Data Parallel Training with Flux.jl

Training ImageNet in Flux
Created on January 31|Last edited on February 7
Data Parallelism is a common technique to distribute training of a neural network by creating several copies of the model, each having access to only part of the dataset. In theory, since every copy of the model sees a different subset of the data, by combining the learning from every minibatch, we can simulate higher batch sizes and therefore speed up training.
By its nature, data-parallel training is often implemented such that multiple GPUs can be tasked with the duty of calculating gradients for each distinct sub-batch of data. This allows scaling neural network training manifold, ultimately making it viable to train over increasingly large datasets.
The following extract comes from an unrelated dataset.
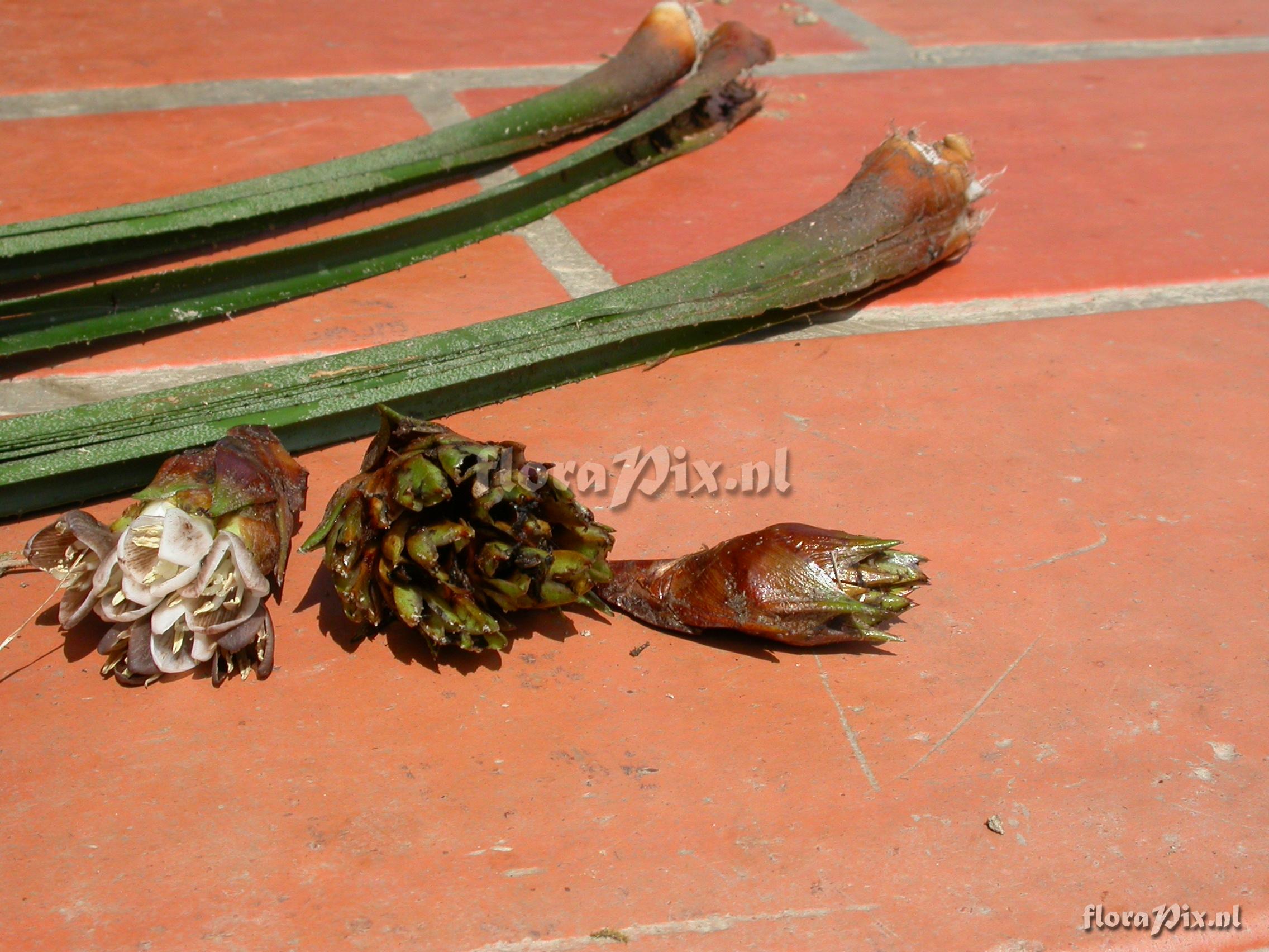 8340 - Bromeliads (Wild) - 2011-10-13(Dimension: 2302 x 1754 pixels - Counter: 8031) Greigia ![]() Locality: Ecuador - Prov. of Zamora-Chinchipe, area of Estación Cientifica San Francisco (S 03°58“, W 79°04“ ), road Loja-Zamora, ca. 35 km from Loja; moist montane forest Photographer: Florian Werner Note: Col.: Werner, F.A. 2175 (16-01-2007) "petals blunt, apparently white when mature, but turning grey with age. Only Greigia at these low altitudes; characteristically dense scaling abaxially on leaves."

ImageNet is a standard dataset used to train models on images spread over several different classes and is thus employed for this demonstration.

Training Metrics

Several models are trained since we need to populate the pre-trained weights in Metalhead, a repository of standard computer vision models implemented using Flux. The trained models include ResNet-18/34/50/101/152, EfficientNet-v2, Inception-v2/v3, SqueezeNet, VGG11/13/16/19, ResNeXt among others.
Each model was trained on a machine with a 32 core AMD EPYC 7513, 1 TB of RAM, 4x 32 GB Nvidia V-100s. The reported results follow the accuracy and loss curves while training a ResNet34.

Run set
4


The Approach

For this demo, we are using a vanilla DDP implementation written with [CUDA.jl](https://cuda.juliagpu.org) and Flux. It uses multiple processes and RemoteChannel s to communicate between them. We incur network and serialisation overhead with every time we want to update the models. The API is highly configurable and high level so that its easy to run several experiments without needing to rewrite boilerplate.
ResNetImageNet.start(loss, nothing,
key, model, nworkers(), rcs, updated_grads_channel,
class_idx = classes,
verbose = false,
devices = CUDA.devices(),
cycles = 1000,
nsamples = 600,
batchsize = 48,
sched = sched,
saveweights = false,
opt = opt)

Work in Progress

Most frameworks have limited support for inbuilt data parallelism. This is with good reason too. DDP is a niche use case because using pre-trained models can alleviate the need to train models over large datasets. However, it is still desired to have high-quality tools to make DDP easier to implement. Examples of such projects include moolib and pytorch lightning. In Julia, we really like composition, so the natural way to scale model training is to marry a library that can help with parallelization with Flux. One of the prime candidates is Dagger. The output is a simple glue package called DaggerFlux which automates the process of spreading a model over multiple GPUs.
One of the ways we can use Dagger is also to keep track of which GPU is available and send it a chunk of data to train on. In this manner, we are also able to modularize the approach to development. Improvements to the parallelization, GPU capabilities, and features in the ML frameworks can be added incrementally while allowing low friction APIs for users to consume. In FluxML, we pride ourselves in having a high level, simple and flexible yet performant structures to accommodate esoteric cases beyond simple ResNet training. In order to make use of parallelism, DaggerFlux exposes a simple structure.
using Flux, DaggerFlux

model = Chain(Dense(3,3), Dense(3,3))

dagger_model = DaggerChain(model)
And that's it. Now we are ready to automatically scale up training based on how many (and which) GPUs are available to Julia, and schedule training such that we can take advantage of data parallelism.

Future Work

There are a lot of interesting techniques out there to improve time-to-model-convergence such as superconvergence and the zerO optimiser which would be good to have implementations of in Julia. Further, there is ongoing work to incorporate the automatic DtoD transfers on P2P connected devices in CUDA.jl. Using this, we can simplify the DDP implementation significantly since we don't need to use the CPU to transfer data between devices - a critical step in synchronizing gradients to train our models. We can eliminate the need to serialise so often, and that should result in speedups to the convergence as well.